Zgłupiałam. Dwa razy czytałam pismo, nic nie rozumiejąc. Przecież oddałam PIT w terminie i zapłaciliśmy pięćset złotych, które księgowa starannie naliczyła, sumując nasze dochody. Ja jestem rencistką z niewysokim świadczeniem, za to mąż nieźle zarabia, na dodatek w minionym roku dostał sporą „jubileuszówkę”. Wzięłam kopie dokumentów i ruszyłam do urzędu wyjaśniać sprawę, naiwnie wierząc, że to tylko nieporozumienie.

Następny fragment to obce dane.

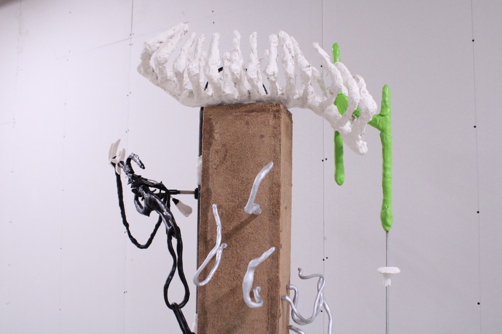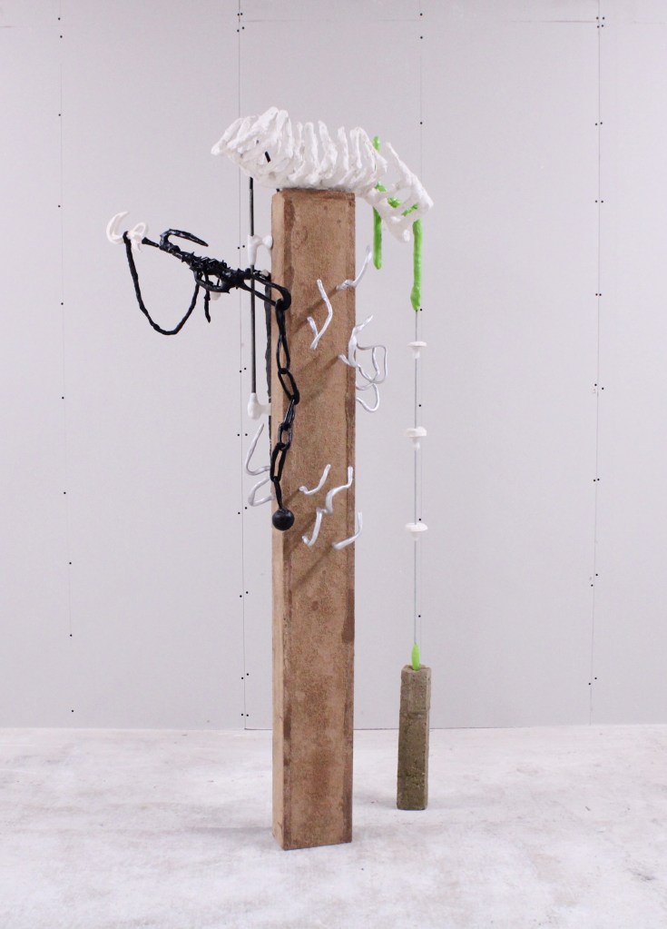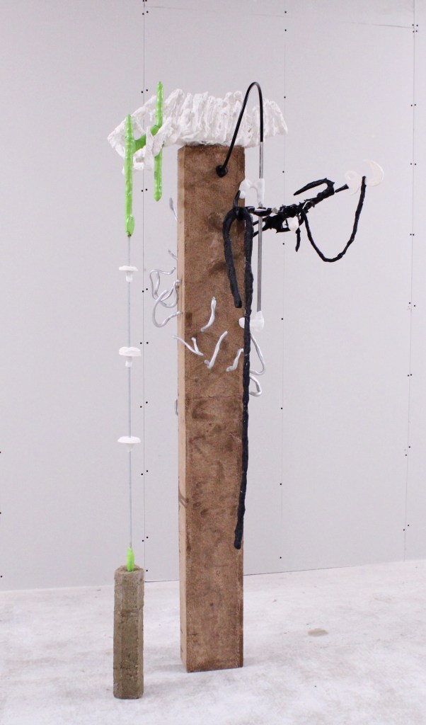 Wood, polyester resin, sand, concrete, thermoplastic, steel, retort clamp, borax crystals, pva, hessian, plaster, epoxy resin, jesmonite, polyurethane tubing, threaded rod, silicone, spray paint. 182 x 85 x 42 cms. 2019.

Czy ta kobieta zrobiła to specjalnie?

W urzędzie przyjęto mnie chłodno. Oznajmiono mi, że PIT nie wpłynął, a kiedy wyciągnęłam z torby jego kopię, okazało się, że brakuje na nim poświadczającej pieczątki. I nikt nie chciał dać wiary w to, że urzędnik nie podstemplował dokumentów. Urzędnicy się przecież nie mylą. Wróciłam do domu załamana.

– Uspokój się, Teresko. To nie koniec świata – pocieszał mnie Antek.

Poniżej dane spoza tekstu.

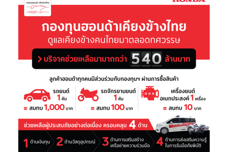 กองทุนฮอนด้าเคียงข้างไทย โดยบริษัท ฮอนด้ามอเตอร์ จำกัด ร่วมกับ บริษัท ฮอนด้า ออโตโมบิล (ประเทศไทย) จำกัด และ บริษัท ไทยฮอนด้า จำกัด ขอขอบคุณลูกค้าฮอนด้าทุกท่านที่ได้ร่วมเป็นส่วนหนึ่งของ ‘กองทุนฮอนด้าเคียงข้างไทย’ ในการช่วยเหลือบรรเทาความเดือดร้อนแก่ประชาชนชาวไทยในยามต้องเผชิญสาธารณภัย มาตลอดระยะเวลา 11 ปี ผ่านการซื้อรถยนต์ รถจักรยานยนต์ และเครื่องยนต์อเนกประสงค์ฮอนด้า สำหรับยอดขายรถยนต์ 1 คัน เท่ากับการมอบเงินสมทบ 1,000 บาทยอดขายรถจักรยานยนต์ 1 คัน เท่ากับมอบเงินสมทบ 100 บาท และยอดขายเครื่องยนต์อเนกประสงค์ 1 เครื่อง เท่ากับการมอบเงินสมทบ 10 บาท โดยตลอดหนึ่งทศวรรษที่ผ่านมา ‘กองทุนฮอนด้าเคียงข้างไทย’ ได้ร่วมช่วยเหลือไปแล้วทั้งสิ้นรวมมูลค่ามากกว่า 540 ล้านบาท

– Ale przecież oni sugerują, że ja kłamię – chlipałam rozżalona. – A przecież ja ten cholerny PIT złożyłam!

– Nie denerwuj się tak – Antek pogłaskał mnie po ramieniu. – Sprawa się na pewno wyjaśni. Teraz spróbuj przypomnieć sobie jak najwięcej szczegółów.

Podsunął mi kubek herbaty z melisy i posłał krzepiące spojrzenie. 

Usiadłam przy stole i zaczęłam intensywnie myśleć o zdarzeniu sprzed miesiąca. Przypomniałam sobie, że kiedy wchodziłam do urzędu, minęłam się na schodach ze znajomą, która z niego wychodziła. Zamieniłyśmy kilka słów. Przy okienkach nie było kolejek, więc podeszłam do pierwszego z brzegu. Siedziała w nim kobieta w średnim wieku, której podałam dokumenty. Myślałam o czekających mnie badaniach, więc pewnie dlatego nie zwróciłam uwagi na to, co ona robi, po prostu wzięłam kopię, którą mi podała.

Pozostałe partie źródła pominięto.